It has been another four years. The World Cup is a ritual that begets rituals. The anticipation of another one unlocks memories of those that have come before. In my case, the return of the World Cup means yet again brooding over how the Netherlands stole Mexico’s path to the semifinal in 2014, with a faked dive and an unjust penalty. It means suddenly developing an aptitude for statistics and mathematical probabilities. It means more time with my dad. It means more than I can possibly express. 

It can seem at times that the joyful spark of mischief and resistance—the football for the poor— has been beaten out of the game by FIFA and its corporate sponsors. This World Cup feels doomed to be football for the rich; an excuse for Donald Trump, Elon Musk and allied foreign leaders like the libertarian Argentinian president Javier Milei to gather in a private box and mingle, only half watching as corporate-sponsored superstars play below. 
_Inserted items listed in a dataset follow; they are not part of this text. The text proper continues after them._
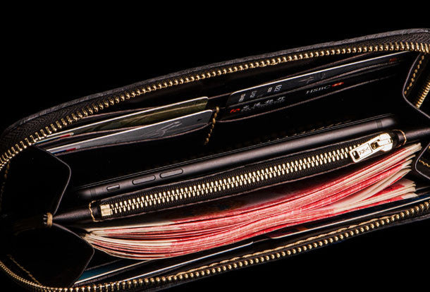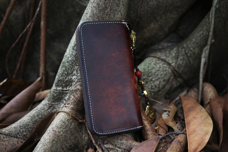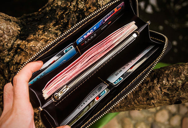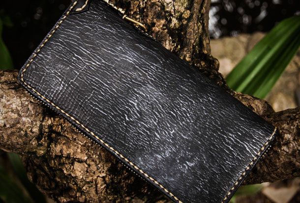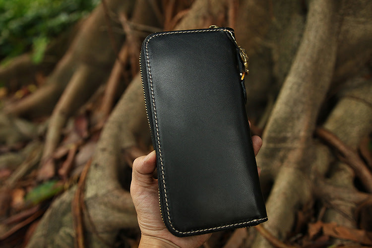 Handmade leather Geneisha biker wallet clutch zip long wallet black leather men phone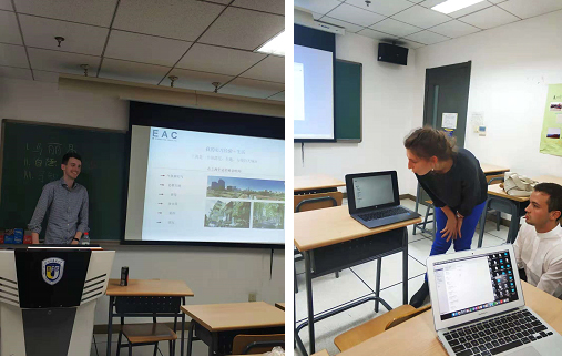 报告会上,学员们用汉语介绍了公司在华的发展历程及现状,汇报实习期间负责的工作内容,并分享了在当地的生活体验。他们对自己的实习经历使用了“非常满意”这样的语句来形容,并且十分感谢在北外学习的汉语课程能让他们更好地适应当地的生活。报告准备充分,语言清晰流畅。学员们在汇报时表达了对今后留在中国工作的兴趣,在欧亚咨询公司实习的马智同学将继续留在上海工作称为自己的“中国梦”。孙琳老师积极评价了同学们的实习汇报,并鼓励他们努力实现自己的梦想。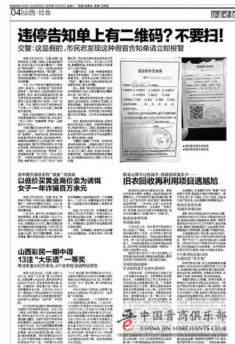 2016年12月24日以来,太原市万柏林辖区接连发生多起路边停放车辆被贴违法停车告知单,要求车主通过扫描二维码缴纳罚款的诈骗警情。时值太原市交通违法行为专项整治深入推进的关键阶段,交警支队指挥中心获悉情况后,立即调取涉事车辆停车位置及附近的相关视频资料。同时,万柏林分局立即成立专案组,围绕此类警情的特点和案发信息,走访询问车主,同时对嫌疑人手机、微信和银行账号展开反复核查,多角度、全方位追踪布控。

And yet that same game will be followed with rapt attention in favelas and slums and barrios all over the world. Undocumented line cooks in expensive restaurants will turn up the radio. Children living without running water from South Sudan to Gaza to Ciudad Juárez will pretend to be their footballing heroes as they re-enact the game, substituting unpaved dirt for grass, crumpled-up newspaper for a ball, bare feet for cleats. Will the immigrants trapped in ICE detention centers across the country be able to watch it? Probably not. But I guarantee you they would love to if they could. 

Jorge Bergoglio was pope for the three most recent World Cups: 2014, 2018 and 2022. Though he never returned to Argentina after becoming pope, Francis lived to see Argentina win a third World Cup before he passed away. Argentina remains the reigning champion and will look to defend its title in what is certainly, for real this time, Lionel Messi’s final appearance. This will be one of the great storylines of the tournament: Can Argentina become the first team since Pelé’s Brazil to win back-to-back World Cups?
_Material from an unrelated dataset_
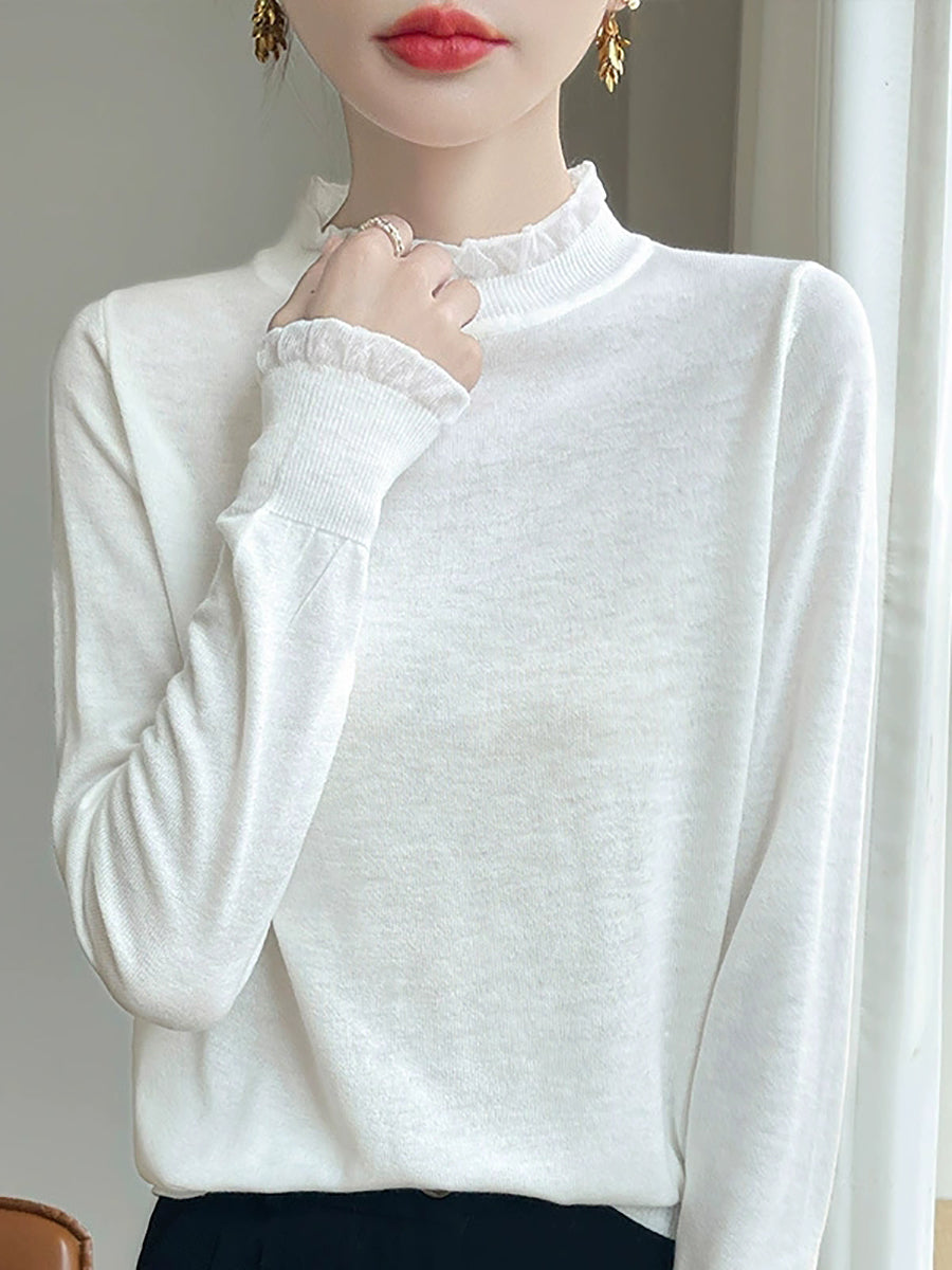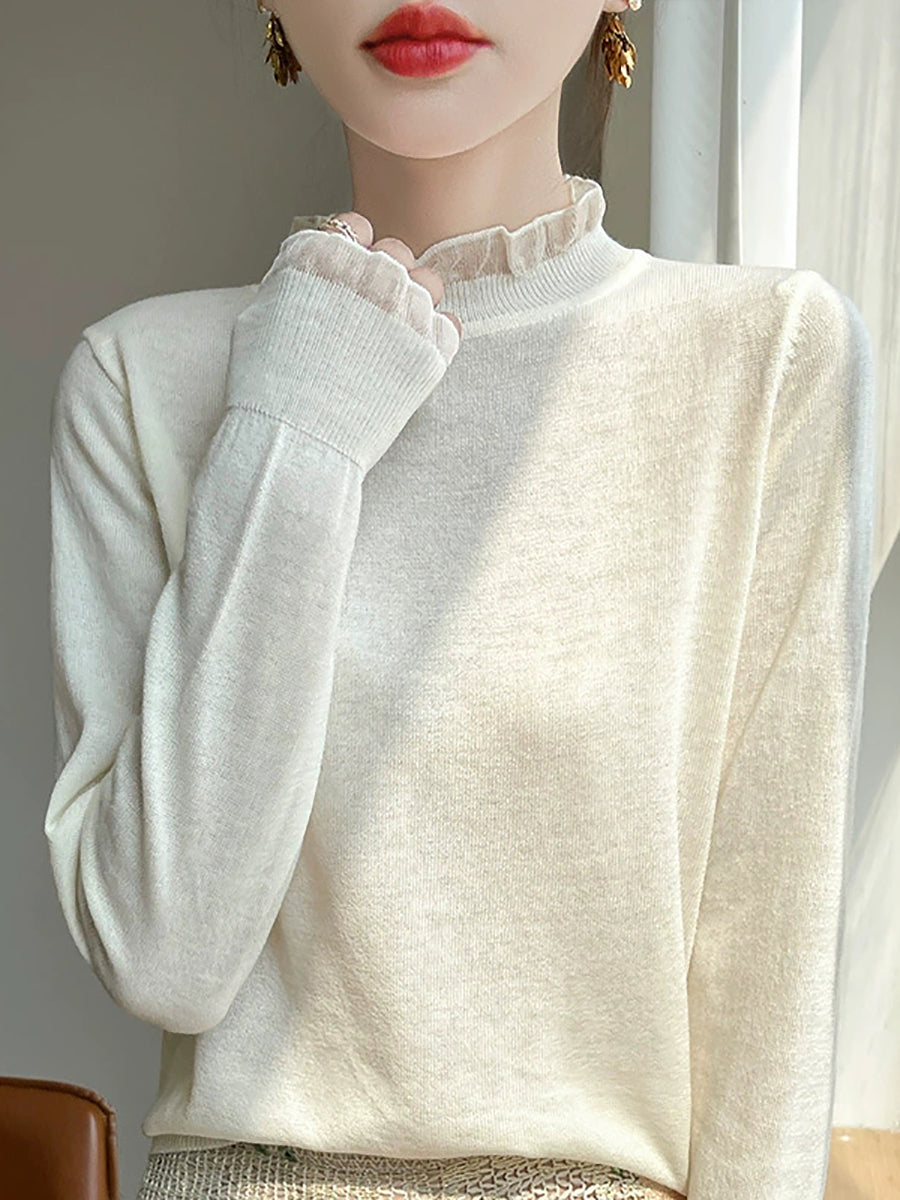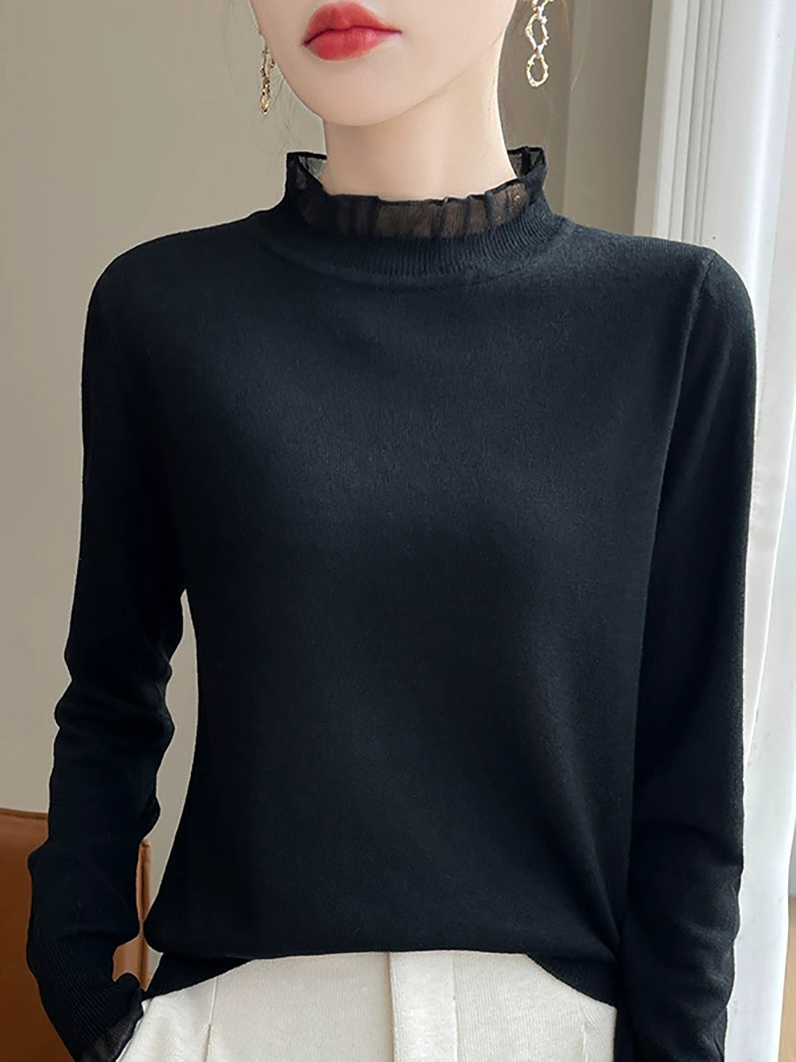 Suéter feminino de inverno com gola de renda em cor lisa e estilo artístico.

This will be the first World Cup under our new pope—the first American pope. Many assume that as a Chicagoan, Pope Leo probably cares more about baseball. Yet the United States is increasingly becoming a football—sorry, soccer—nation in its own right. Of course, there are conflicting football cultures here. The Latin American immigrants who gather in public parks to play the game and then cheer on their home nations’ teams are a very different group of people from the English-speaking “soccer Moms” of the affluent suburbs, looking to get their kids into competitive pay-to-play clubs on the track to a college scholarship. 
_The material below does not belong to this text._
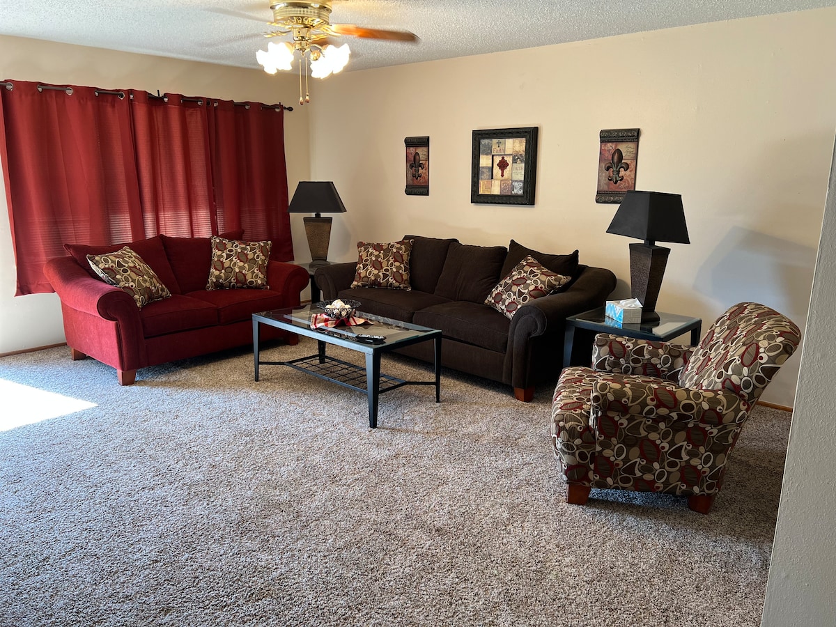 近くで働いていて、ミッドランドやオデッサの喧騒の中に滞在したくないですか? アンドリュースの中心部に位置し、手入れが行き届いた古いエリアにあります。20フィートx 30フィートの屋根付きパティオには、ジャグジー、ビリヤード台、ダーツボード、65インチテレビ、サラウンドサウンド、追加の冷蔵庫があります。仕事で1日が終わった後にリラックスして過ごすのに最適な空間です!屋根付き駐車スペースが3台分あります!シフト勤務の男性たちが一緒に滞在するのに最適な場所です。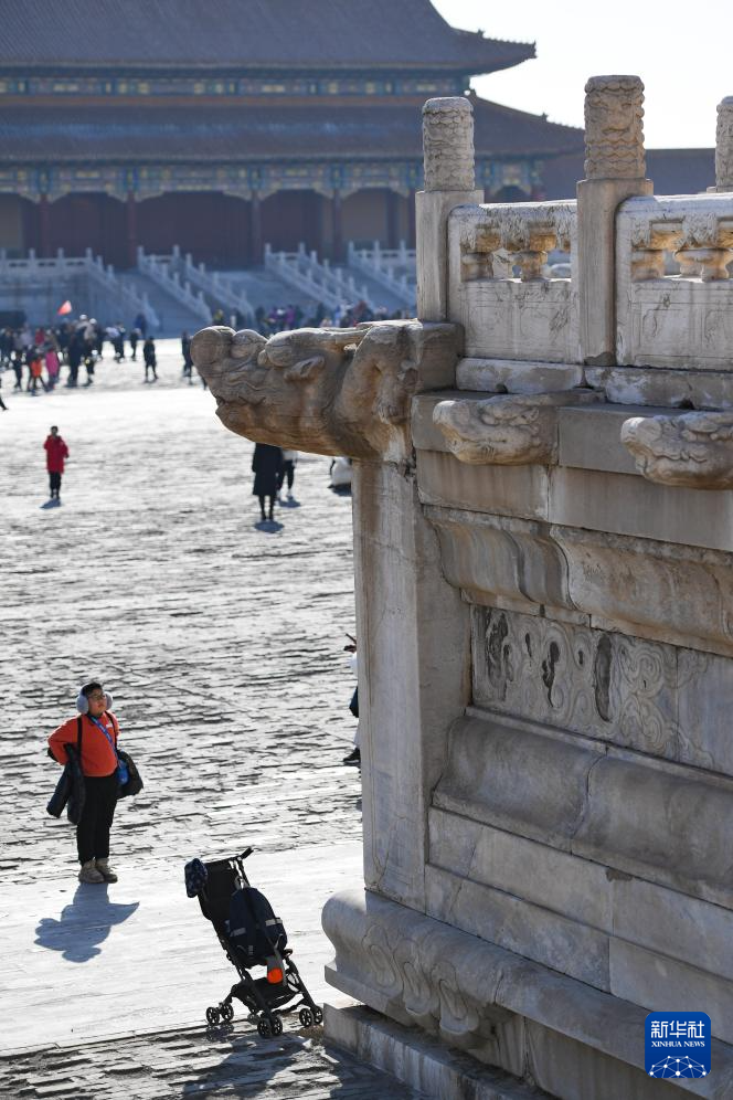 這是故宮文華殿院內(nèi)一座雕有神獸“蚣蝮”的橋(1月28日攝)。在神話傳說中,蚣蝮是龍生的九子之一。

The United States is hosting the bulk of the World Cup this summer—more games than are being played in its neighbors Canada and Mexico combined. When the idea for a joint North American World Cup first came up, it was seen by some as a celebration of North American unity; a NAFTA reunion tour, if you will. The relationship is much more fraught today. To my knowledge, this is the first time the World Cup has been jointly hosted by one country that has recently threatened to annex or military intervene in the others. Still, everyone seems determined to make it work. Some in Mexico and Canada may indeed hope that the imperative of staging the World Cup together will help keep the volatile relationship with the United States on track.

FIFA will no doubt be working behind the scenes, too—there is too much money on the line for something as silly as a war to ruin it. Laugh all you want at the FIFA Peace Prize, but FIFA definitely brings more political and economic power to bear than the Nobel Committee can. Indeed, FIFA has apparently managed to convince the notoriously anti-immigrant Trump administration to fast-track visas for World Cup fans coming to see the games—though the fans of several qualified countries, including Iran, Iraq and Haiti, remain categorically banned from U.S. soil.

My parents’ native Mexico City will host the opening game (on my 31st birthday no less), pitting Mexico against South Africa. A World Cup opener Mexico home game in the Estadio Azteca on my birthday? Dear reader, please mourn with me the fact I cannot possibly afford a ticket. There is much injustice in the world. One of them is that the final, unlike the opener, will not also be at the Estadio Azteca, where Pelé lifted the World Cup in 1970, and where Maradona lifted the World Cup in 1986. Instead, the final will take place in New Jersey, where nothing of footballing note has ever occurred. Ticket prices reach into the tens of thousands of dollars.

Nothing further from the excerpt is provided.